Court rejects appeal by British banker Rurik Jutting over double murder

A Hong Kong court has rejected an appeal by Rurik Jutting, the British banker jailed for murdering two women in 2014.

Jutting appeared before the city’s Court of Appeal in December to argue that he had not received a fair trial but judges on Friday upheld his two concurrent mandatory life sentences for torturing and killing two Indonesian women, Sumarti Ningsih and Seneng Mujiasih.

“There is no merit whatsoever in this ground of appeal,” the court said in its judgment.

‘Wrong’ direction

Jutting was found guilty in 2016 of torturing and killing the two women in a luxury residential tower in the city’s Wan Chai district.

It was one of the most high profile trials in Hong Kong history. After the jury issued a unanimous guilty verdict, Judge Michael Stuart-Moore described Jutting as an “archetypal sexual predator.”

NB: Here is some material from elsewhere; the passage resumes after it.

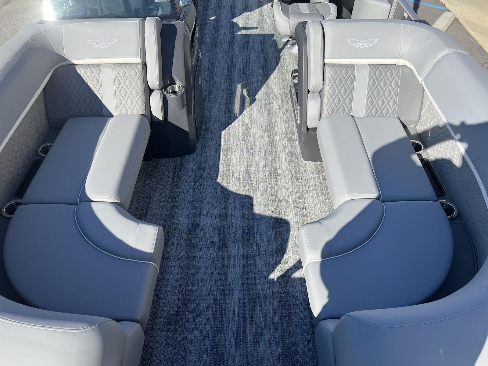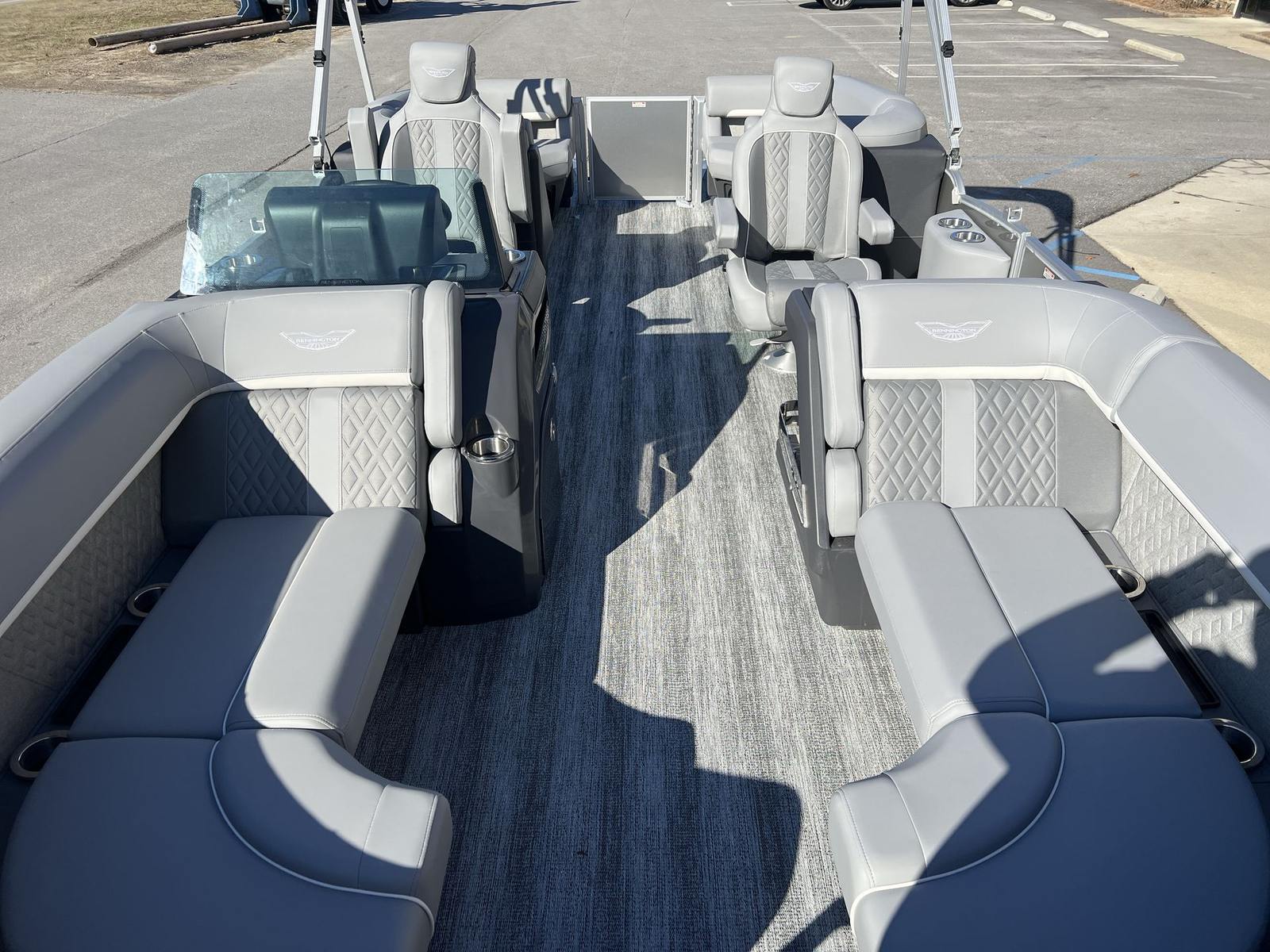 The 2025 Bennington 22 MFB SPS is a new pontoon boat that measures an impressive 24.25 feet in length, offering ample space for family, friends, and all your favorite activities. Bennington is renowned for its commitment to quality and craftsmanship, and this model exemplifies those standards with its modern aesthetics and attention to detail. Whether you’re planning leisurely cruises, lively gatherings, or relaxing afternoons on the water, this pontoon boat is designed to meet your every need.

“He described himself as evil and a monster and neither description is adequate to bring home the true horror of what he did to that woman,” Stuart-Moore said.

However, Jutting’s lawyers argued that Stuart-Moore misdirected the jury when explaining how they should judge Jutting’s state of mind.

Jutting’s lawyers argued that he suffered from a debilitating combination of mental problems — alcohol and cocaine addiction, narcissistic personality disorder and sexual sadism disorder.

His barrister, Gerard McCoy SC, said under law the test for diminished responsibility should be whether Jutting had “abnormal mental functioning” as a result of his mental problems.

However, he argued Stuart-Moore instructed the jury to impose a stricter guideline of whether the defendant had an actual medical disorder, as defined by the Diagnostic and Statistical Manual of Mental Disorders, a widely accepted standard published by the American Psychiatric Association.

He gave the example of a person having 70% of the symptoms of a mental disorder still being of abnormal mind, even if they could not be officially diagnosed, something he said witness testimony in the original trial supported.

“(Stuart-Moore) has narrowed down and therefore taken away from the jury the proper consideration of what is an abnormality of mind,” McCoy said. “All four medical experts … found that the applicant was suffering from an abnormality of mind because he had impaired mental functioning.”

Two murders in six days

On October 27, 2014, Jutting killed 23-year-old Ningsih after keeping her captive in his flat for three days. He tortured and degraded her, filming the acts on his iPhone, before slashing her throat in the shower.

Three days later, on November 1, with Ningsih’s body in a suitcase on his balcony, Jutting killed 26-year-old Mujiasih after she wouldn’t stop calling for help, minutes after entering his apartment.

Over the course of the six days in his apartment, Jutting made numerous videos on his phone, describing his plans for future torture and fears of being caught.

In handing down the original verdict, Stuart-Moore said Jutting had failed to show a “shred of remorse” and urged that “no one be fooled by (his) superficial charm.”